BNP and NT-proBNP are neurohormones secreted from cardiac ventricles in response to left ventricular strain or fluid overload [26]. At present, BNP is mainly used as a biomarker for heart failure [27]. Among these young and adult cases, cardiomyopathy indicated no obvious changes in the cardiac function. Therefore, no correlation was noticed between NT-proBNP elevation and cardiac function. Recently, several studies have reported that BNP and NT-proBNP are also elevated in the setting of infection [28-31]. In a previous study, the severity of the infection was positively associated with the elevation of BNP [32]. Our data indicated that NT-proBNP was highly sensitive and reasonably specific for predicting CRBSI in burn patients, which was superior to PCT. Under normal conditions, NT-proBNP is a nonactive precursor of BNP cleared primarily by the kidney [33]. In case of infection, the clearance of BNP is impaired [34], which may trigger an elevation of NT-proBNP in CRBSI. Besides, further studies are required to investigate the potential mechanisms. The combination of PCT and NT-proBNP contributed to the diagnosis accuracy of CRBSI, which was in line with the previous study [35].

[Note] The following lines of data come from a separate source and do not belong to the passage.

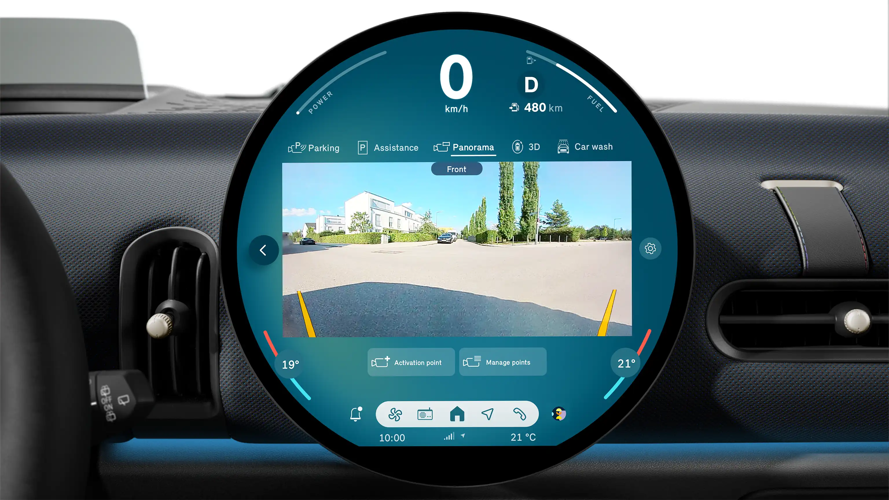 ダッシュボードの中心には、まったく新しい円形センター・ディスプレイがあります。新たなテクノロジーを搭載、メーターパネルとして機能すると同時に、車載インフォテインメントや運転支援機能へのアクセスもここで操作できます。
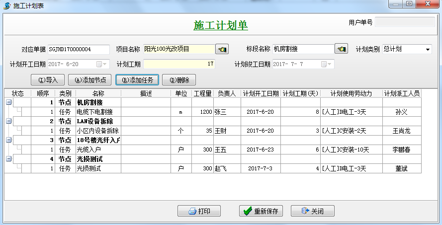 新建【施工計劃單】,先添加節點,在添加任務,輸入工程量、負責人、計劃開工日期等信息
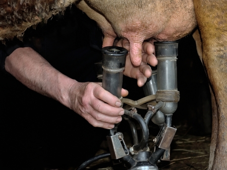 Cow milking mechanized milking equipment.
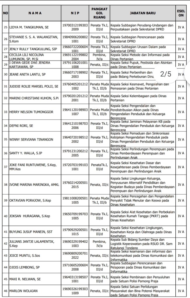 Pelantikan ini dirangkaikan pemberian surat keputusan kepada Drs. Riviva Maringka, MSi sebagai Pelaksana Tugas Asisten Pemerintahan dan Kesejahteraan Rakyat, Drs. Yori Gumansing sebagai Pelaksana Tugas Dinas Pangan, dan Plh. Dinas Pendidikan oleh Tommy Wuwungan.

Indeed, there are some limitations in this study. The patients included in this study were those who suffered from burn injury due to sudden onset of explosion that was uncontrolled. Besides, this study was not a randomized control study.

In summary, PCT and NT-proBNP combination improves the diagnosis of CRBSI. PCT and NT-proBNP may be alternative candidates for the potential prediction of CRBSI in patients with severe injury.

Data Availability

All the data were available upon appropriate request.

Conflicts of Interest

The authors declare that there is no conflict of interest regarding the publication of this paper.

Authors' Contributions

Baochun Zhou and Jianjun Zhu contributed equally to this work.


The study was supported by a project of Health Department of Government of Jiangsu Province (H201466), a project of Suzhou Municipal Science and Technology Bureau (Lczx201415), and the Suzhou Key Medicine Project Fund of China (no. Szxk201504). This study is also funded by a project of the Emergency Medicine Branch of the Jiangsu Medical Association (2015JZKY04).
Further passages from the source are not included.